Among the entries below, only the lines from the one with "This limited edition" through the one with "ITEM 19 My personal" are to be retyped, exactly and without pictures.
++++ THE INPUT ++++
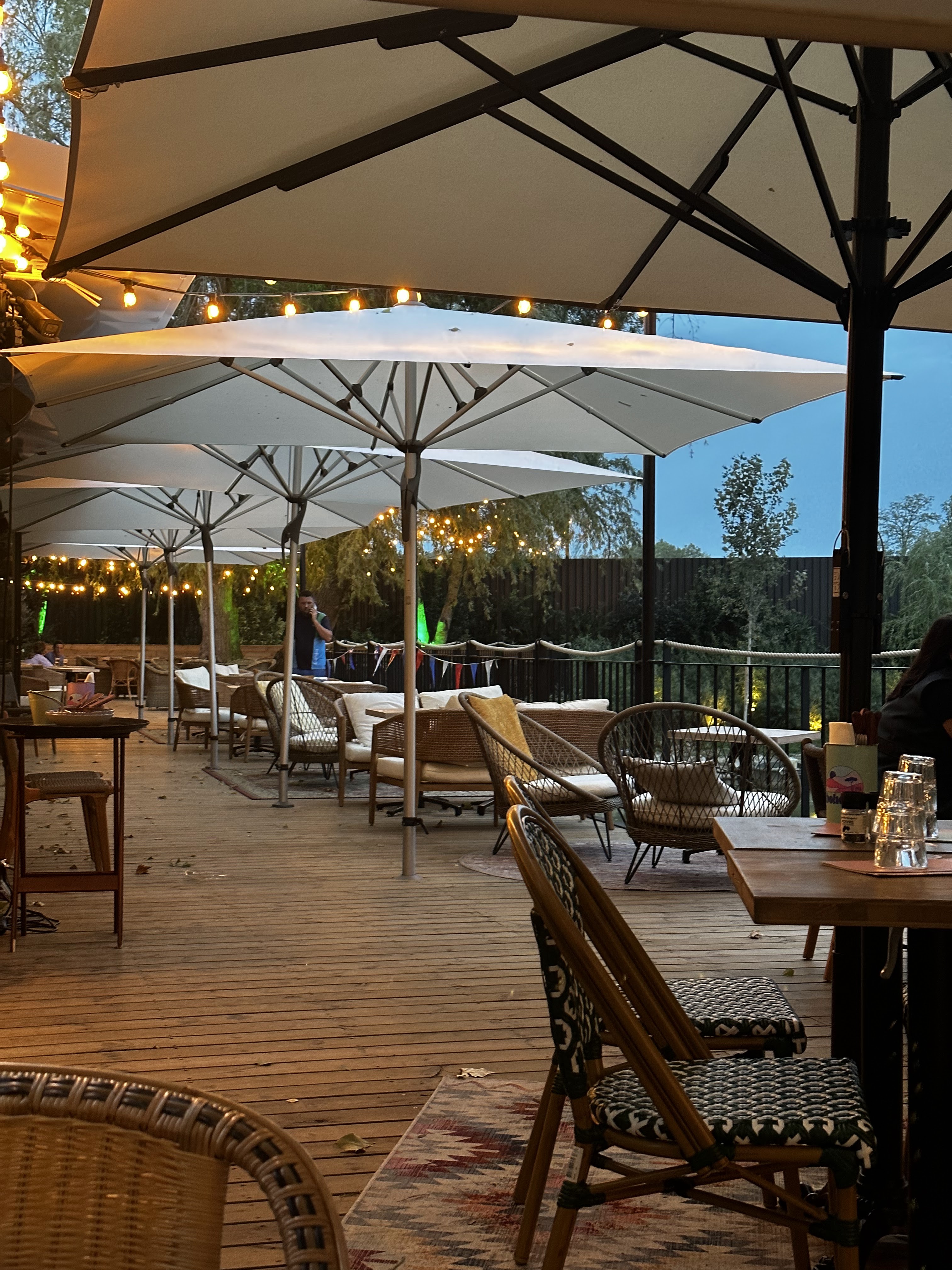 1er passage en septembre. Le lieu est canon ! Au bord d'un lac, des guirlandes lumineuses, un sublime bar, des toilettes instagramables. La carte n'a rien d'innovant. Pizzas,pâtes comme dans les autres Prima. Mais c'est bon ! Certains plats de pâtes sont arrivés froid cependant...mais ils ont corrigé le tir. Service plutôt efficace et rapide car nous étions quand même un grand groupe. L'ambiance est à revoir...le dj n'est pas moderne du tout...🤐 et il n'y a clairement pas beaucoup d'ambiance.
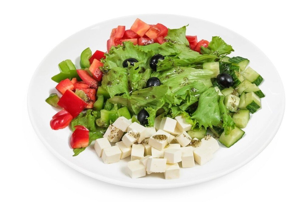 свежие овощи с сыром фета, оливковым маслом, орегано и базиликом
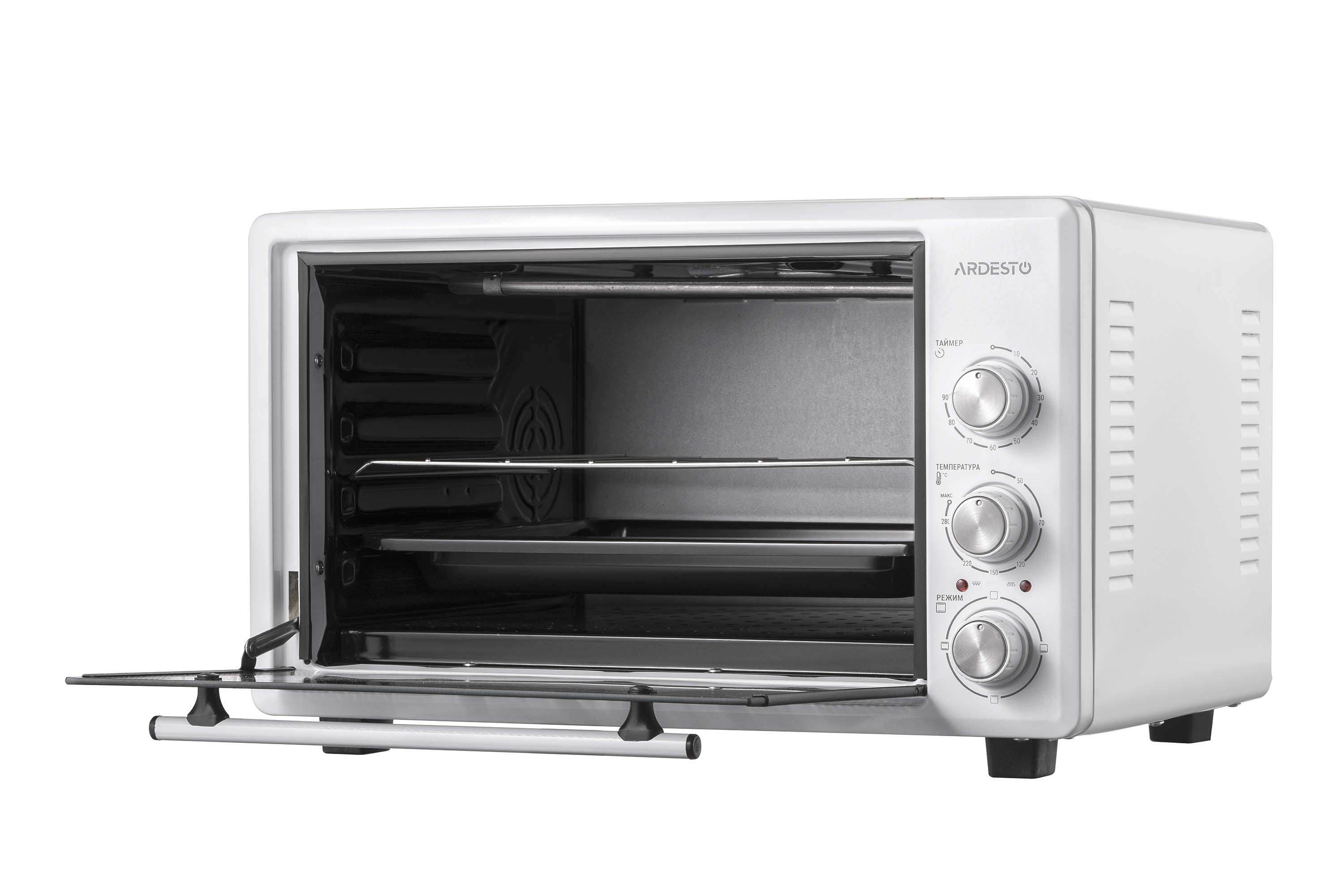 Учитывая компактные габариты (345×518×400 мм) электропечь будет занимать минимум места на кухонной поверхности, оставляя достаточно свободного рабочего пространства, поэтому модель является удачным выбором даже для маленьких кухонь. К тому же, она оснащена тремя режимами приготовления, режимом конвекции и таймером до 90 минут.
++++
++++ THE INPUT ++++
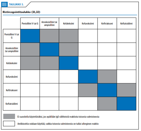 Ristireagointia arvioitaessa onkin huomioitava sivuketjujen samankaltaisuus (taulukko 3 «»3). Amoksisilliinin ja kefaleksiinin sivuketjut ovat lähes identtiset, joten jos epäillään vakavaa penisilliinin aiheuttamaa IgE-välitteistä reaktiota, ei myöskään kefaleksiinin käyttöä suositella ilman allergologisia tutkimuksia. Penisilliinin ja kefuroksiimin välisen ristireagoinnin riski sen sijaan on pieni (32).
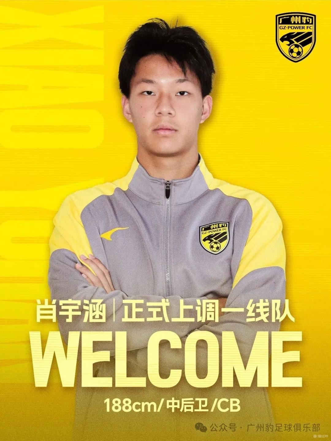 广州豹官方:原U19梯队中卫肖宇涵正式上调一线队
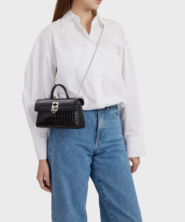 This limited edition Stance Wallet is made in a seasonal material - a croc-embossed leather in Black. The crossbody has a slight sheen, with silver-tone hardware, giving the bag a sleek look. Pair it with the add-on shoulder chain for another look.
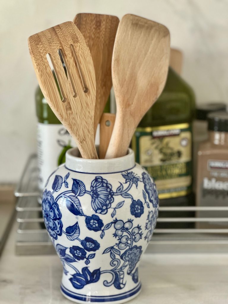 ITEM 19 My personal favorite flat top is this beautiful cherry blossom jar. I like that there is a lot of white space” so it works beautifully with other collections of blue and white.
++++
++++ THE INPUT ++++
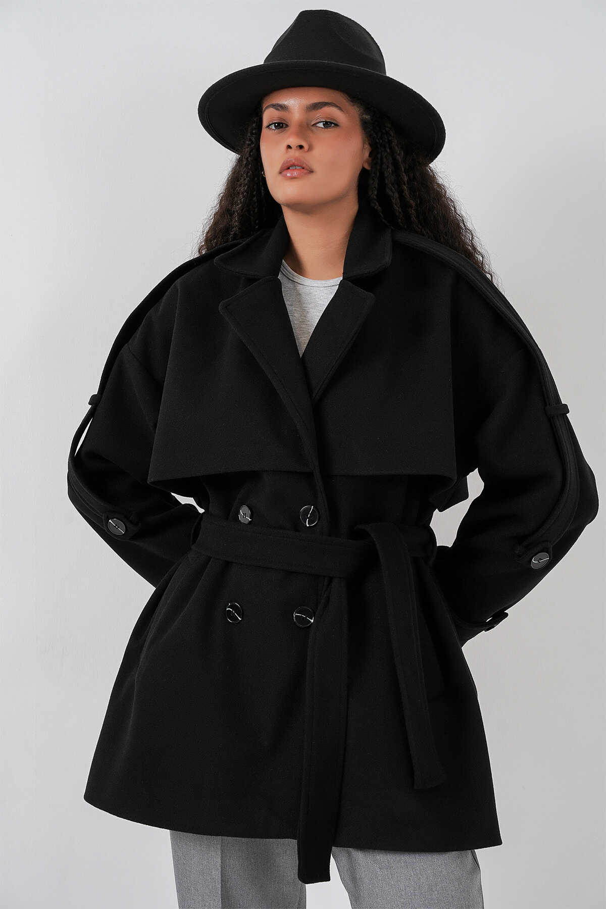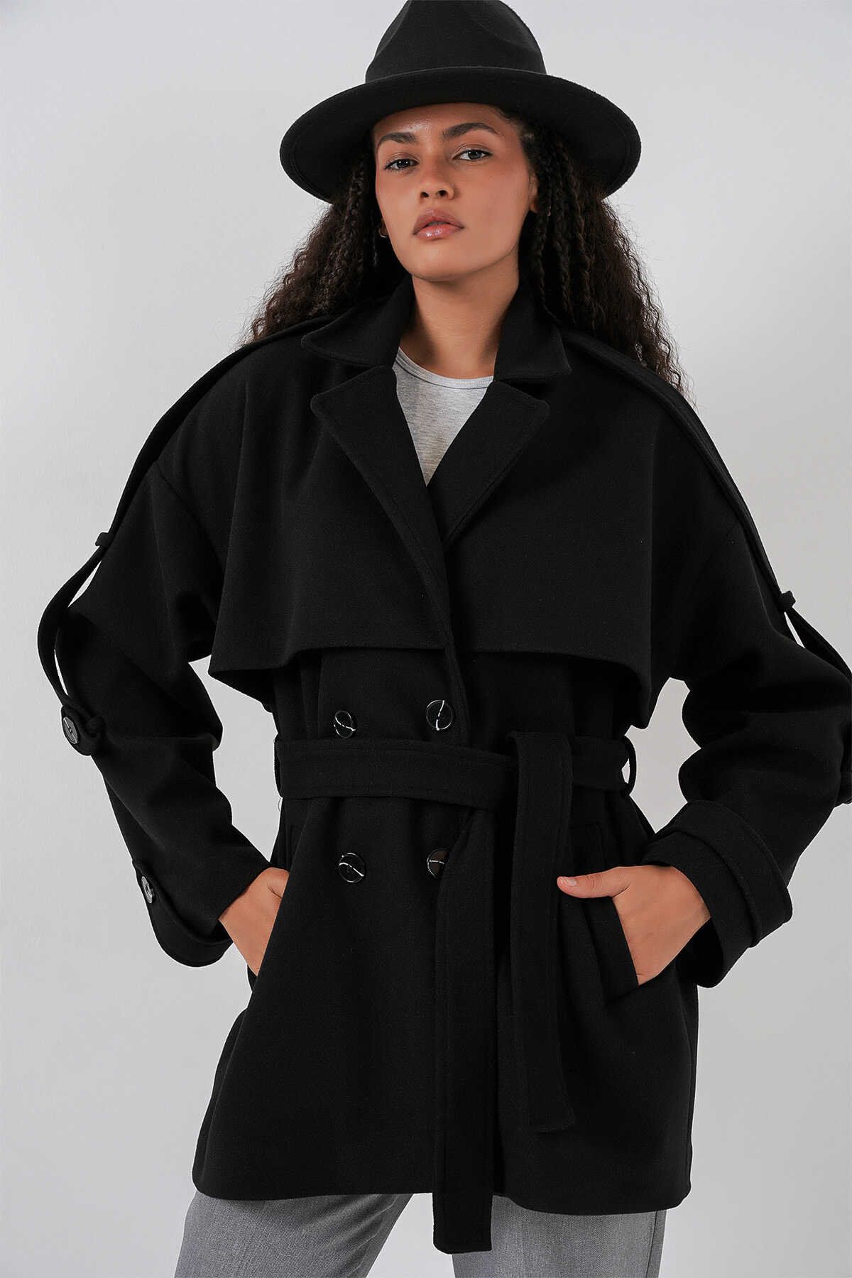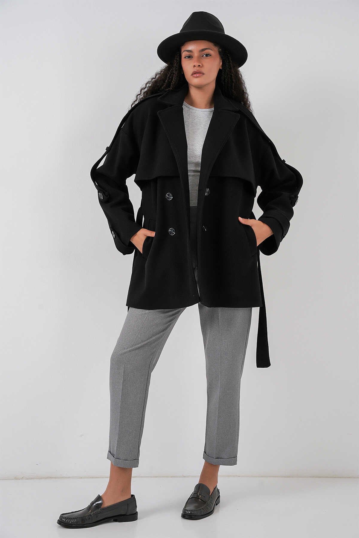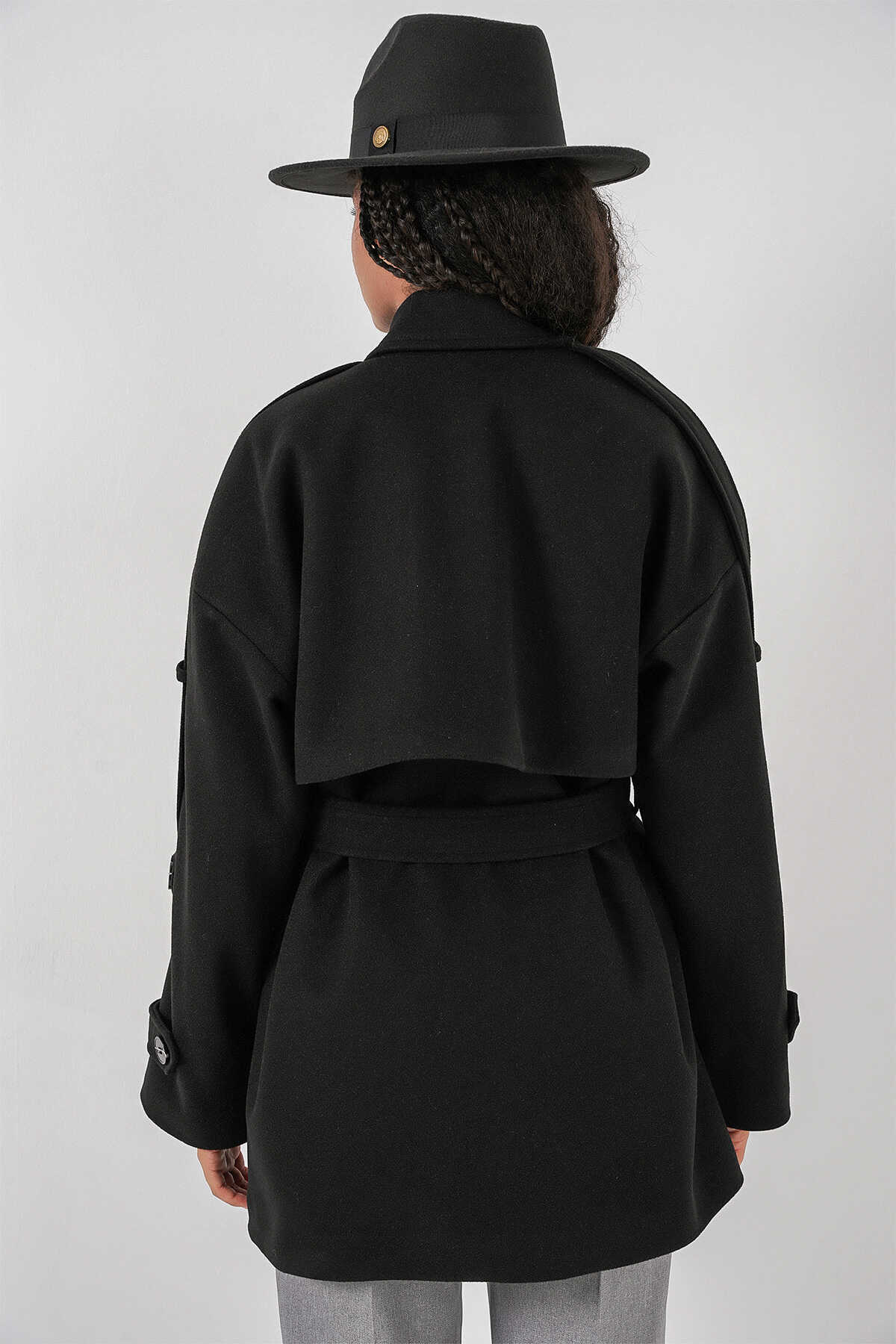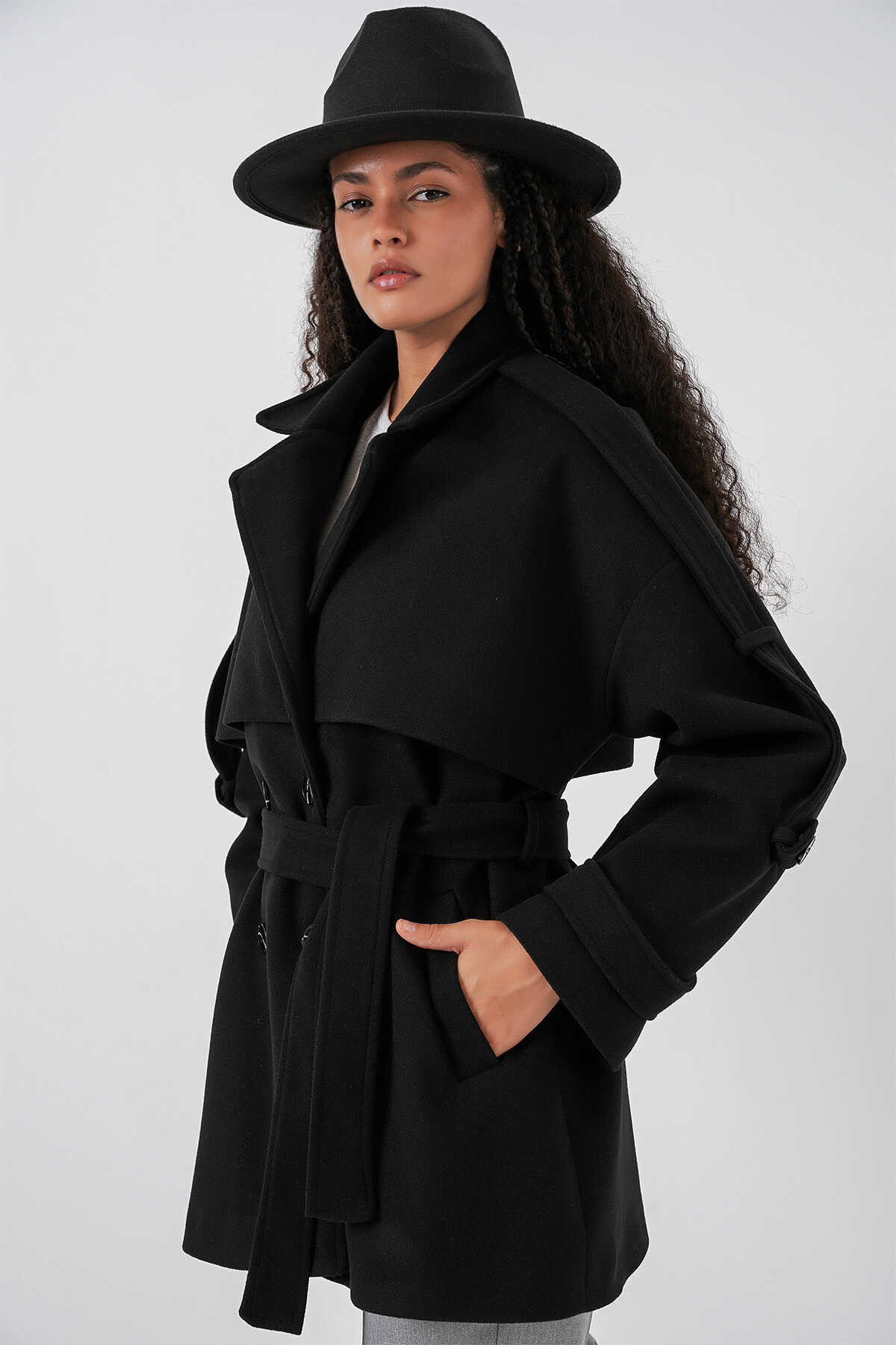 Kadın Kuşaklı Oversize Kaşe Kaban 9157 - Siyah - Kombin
++++
**WRITTEN ANSWER:**
 This limited edition Stance Wallet is made in a seasonal material - a croc-embossed leather in Black. The crossbody has a slight sheen, with silver-tone hardware, giving the bag a sleek look. Pair it with the add-on shoulder chain for another look.
 ITEM 19 My personal favorite flat top is this beautiful cherry blossom jar. I like that there is a lot of white space” so it works beautifully with other collections of blue and white.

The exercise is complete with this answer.